On a brisk sunny January morning, David, Sally, Isaac and Janice board a small pilot boat that will take them to the Miracle Ship. From this little boat that bobs joyfully beneath the cliff where the Nickerson family cemetery stands, David scatters Dorothy's ashes in the calm water. Secretly in the palm of his hand is the Singer, and as the ashes spill from the urn, David lets the crystal slip into the sea with his aunt's remains.

She was the one who found it and gave it to me,
David muses.
Maybe it will bring her happiness in a whole new life. If she wants me to have it again, it will find its way back to me. She'll see to that…

“It's called a Singer,” Dorothy had said those many months ago, signing the word
Singer
, referring to the boat-shaped gem she had discovered on one of her archaeological digs abroad.

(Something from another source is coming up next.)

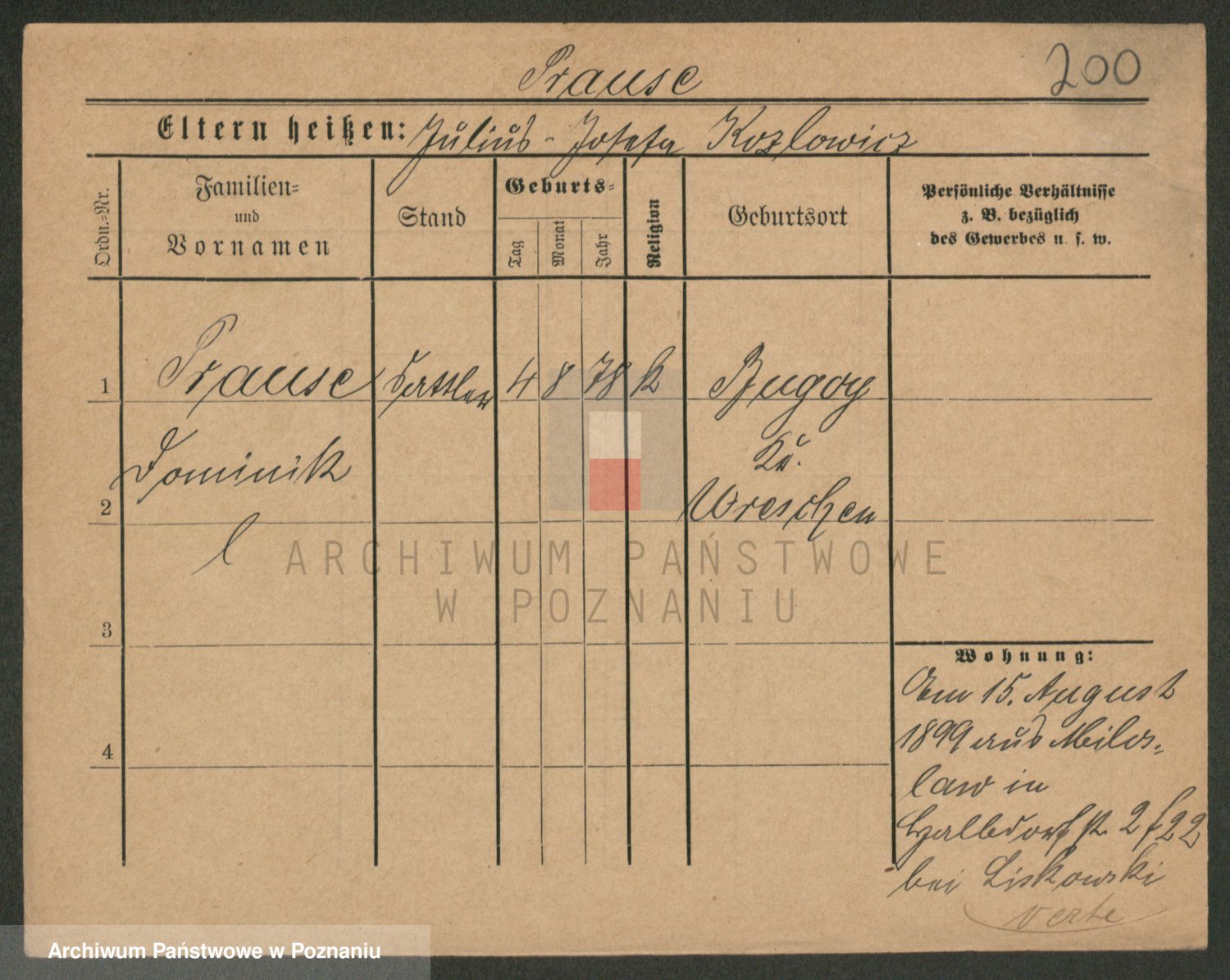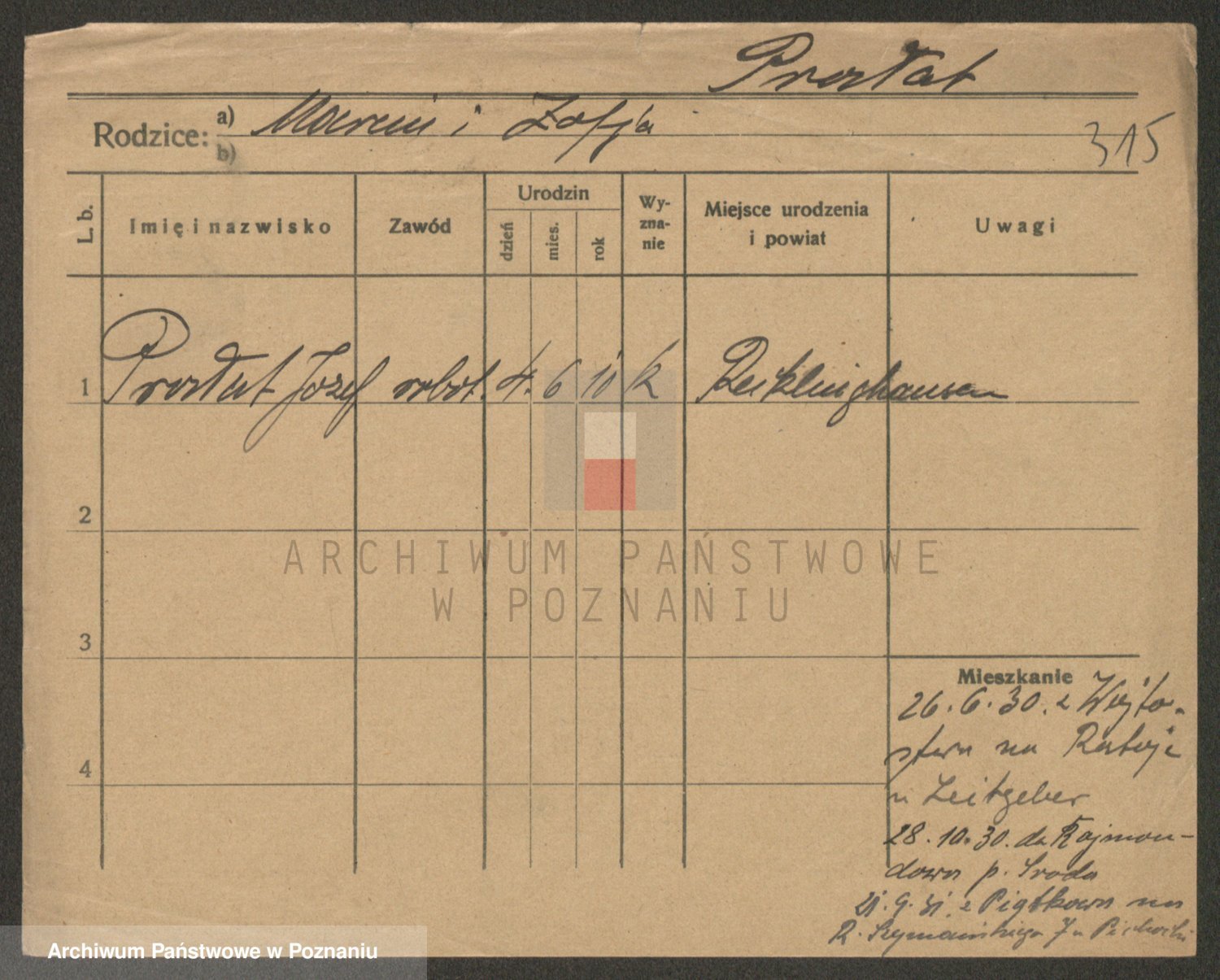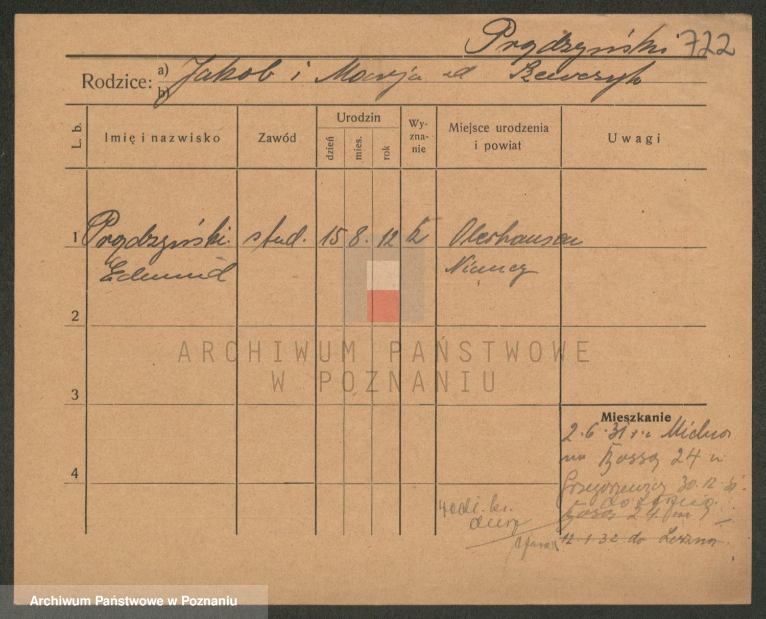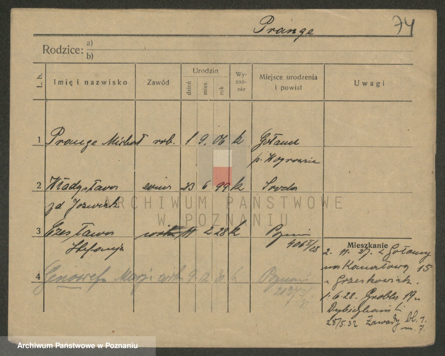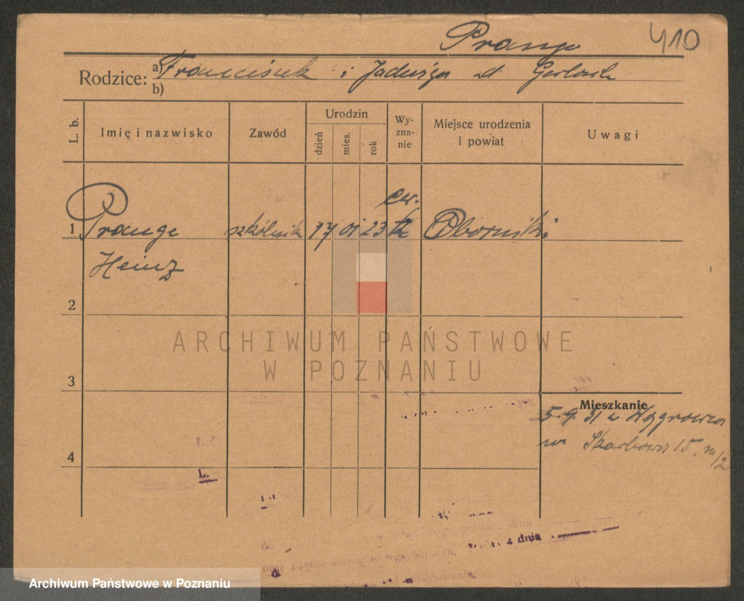 Podgląd karty osobowej dostępny jest po kliknięciu na nazwisko lub ikonkę karty. Można dokonywać powiększenia (ikony na górze) lub przechodzić między kolejnymi skanami (strzałki po bokach).

“Why do they call it that?”

“Each crystal in the cluster contains its own unique vibration,” she told him, “but joined together like this they create a symphony of sounds that literally sing the answers to all the mysteries in the universe. Or so the legend goes.”

“I bet it's thousands, maybe millions of years old,” David figured.

The crystal sparkled pure and translucent one minute, a rainbow mosaic the next, a jigsaw arrangement of atoms, a harmonic conversion of energy and matter. Yet, it looked amazingly like a primitive sculpture fashioned by someone in love with the sea.

“It's incredible. Look at it, Aunt Dorothy. Its microstructure is so complex. But what really amazes me is its shape. It looks like a miniature ship. Here's the mast where the sail would go, and here's the bow, the stern and the rudder.”

Dorothy added more impetus to the Singer's mystique. The crystal was destined to have but one owner, or so the legend went. “If its owner believes in it, and works with its energy, he will develop extraordinary powers of communication, clairvoyance and prophecy…”

As important as his ownership of the Singer has been, affording him amazing gifts through what he had considered his “disability,” he realizes now that it was also his vehicle to self-discovery. For some it is found in prayer or meditation. But for David, his silent world has been made audible and meaningful through the power of this precious crystal. His mission is now complete. His mother is at peace, his father is happy and successful, his sister has been healed of her infirmity, and Port Avalon is safe and secure.